La conduite sans permis constitue une infraction sévèrement réprimée par le Code de la route. Contrairement à une idée reçue, cette infraction ne concerne pas uniquement les personnes n’ayant jamais obtenu le permis de conduire. Elle vise également les conducteurs qui prennent le volant malgré une suspension, une rétention, une invalidation ou une annulation du permis.
Les conséquences pénales peuvent être extrêmement lourdes : peine d’emprisonnement, fortes amendes, confiscation du véhicule ou encore interdiction de repasser le permis de conduire.
Le Cabinet de Caumont intervient dans toute la France afin d’assurer la défense des automobilistes poursuivis pour conduite sans permis et infractions assimilées.
Quelle est la peine pour une conduite sans permis ?
La peine encourue dépend principalement de la situation du conducteur au moment des faits.
Le Code de la route distingue plusieurs hypothèses :
- la conduite sans jamais avoir obtenu le permis ;
- la conduite malgré une rétention immédiate ;
- la conduite malgré une suspension du permis ;
- la conduite malgré une annulation judiciaire du permis de conduire ;
- la conduite malgré une invalidation pour solde de points nul.
Dans chacune de ces situations, les juridictions pénales peuvent prononcer des sanctions particulièrement importantes.
Conduite sans jamais avoir passé le permis : quelles sanctions ?
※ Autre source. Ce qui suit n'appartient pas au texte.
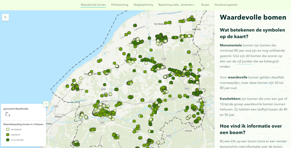 Op de projectwebsite is het resultaat van de inventarisatie gepresenteerd als interactieve kaart. Hiermee kan iedere belangstellende eenvoudig zien welke waardevolle bomen en streekeigen landschapselementen in beeld zijn gebracht.

Le fait de conduire un véhicule sans avoir jamais obtenu le permis constitue un délit prévu par l’article L221-2 du Code de la route. En cas de condamnation, les peines encourues sont les suivantes :
- jusqu’à 1 an d’emprisonnement ;
- jusqu’à 15 000 euros d’amende ;
- peine de travail d’intérêt général ;
- peine de jours-amende ;
- interdiction de conduire certains véhicules (jusqu’à 5 ans) ;
- suivi d’un stage de sensibilisation à la sécurité routière.
Bon à savoir : dans certains cas, une amende forfaitaire délictuelle peut être proposée au conducteur lorsqu’il s’agit d’une première infraction. Toutefois, l’acceptation de cette procédure simplifiée n’est pas toujours la solution la plus adaptée selon la situation du dossier. Il vaut toujours mieux prendre conseil avant de procéder à son règlement.
Conduire malgré une rétention, une suspension, une annulation ou une invalidation du permis : quelle peine ?
Le Code de la route prévoit, en ses articles L224-16 et suivants, les peines applicables en cas de conduite malgré une rétention, une suspension, une annulation ou une invalidation du permis de conduire.
Lorsqu’un conducteur prend le volant ou le guidon malgré ces interdictions, il commet un délit puni des peines suivantes :
- jusqu’à 2 ans d’emprisonnement ;
- jusqu’à 4 500 euros d’amende ;
- la confiscation obligatoire du véhicule (sauf décision spécialement motivée par la juridiction) ;
- la suspension du permis de conduire (jusqu’à 3 ans) ;
- l’annulation du permis de conduire (jusqu’à 3 ans) ;
- une peine de travail d’intérêt général ;
- une peine de jours-amende ;
- l’interdiction de conduire certains véhicules (jusqu’à 5 ans) ;
- le retrait de 6 points si le permis de conduire n’était pas annulé.
Dans ce genre de dossier, il est primordial d’analyse de façon systématique la régularité de la procédure afin de vérifier si l’interdiction de conduire a été valablement notifiée au conducteur.
Peut-on éviter une condamnation pour conduite sans permis ?
Chaque dossier nécessite une analyse approfondie.
Plusieurs moyens de défense peuvent être étudiés :
- irrégularité du contrôle ;
- défaut de notification de la suspension, de l’invalidation ou de l’annulation ;
- erreur administrative ;
- contestation de l’invalidation du permis…
Une défense efficace suppose d’intervenir rapidement afin d’obtenir l’ensemble des pièces de procédure et d’anticiper l’audience pénale.
Pourquoi faire appel au Cabinet de Caumont ?
Les infractions liées à la conduite sans permis peuvent avoir des conséquences importantes sur la vie personnelle et professionnelle du conducteur.
Le Cabinet de Caumont accompagne les automobilistes poursuivis devant les juridictions pénales partout en France afin de :
- préparer leur défense ;
- contester les éventuelles irrégularités de procédure ;
- limiter les conséquences sur le permis de conduire ;
- éviter une peine d’emprisonnement ;
- préserver leur activité professionnelle lorsque la conduite est indispensable.
Une étude personnalisée du dossier permet d’identifier les solutions juridiques les plus adaptées à chaque situation.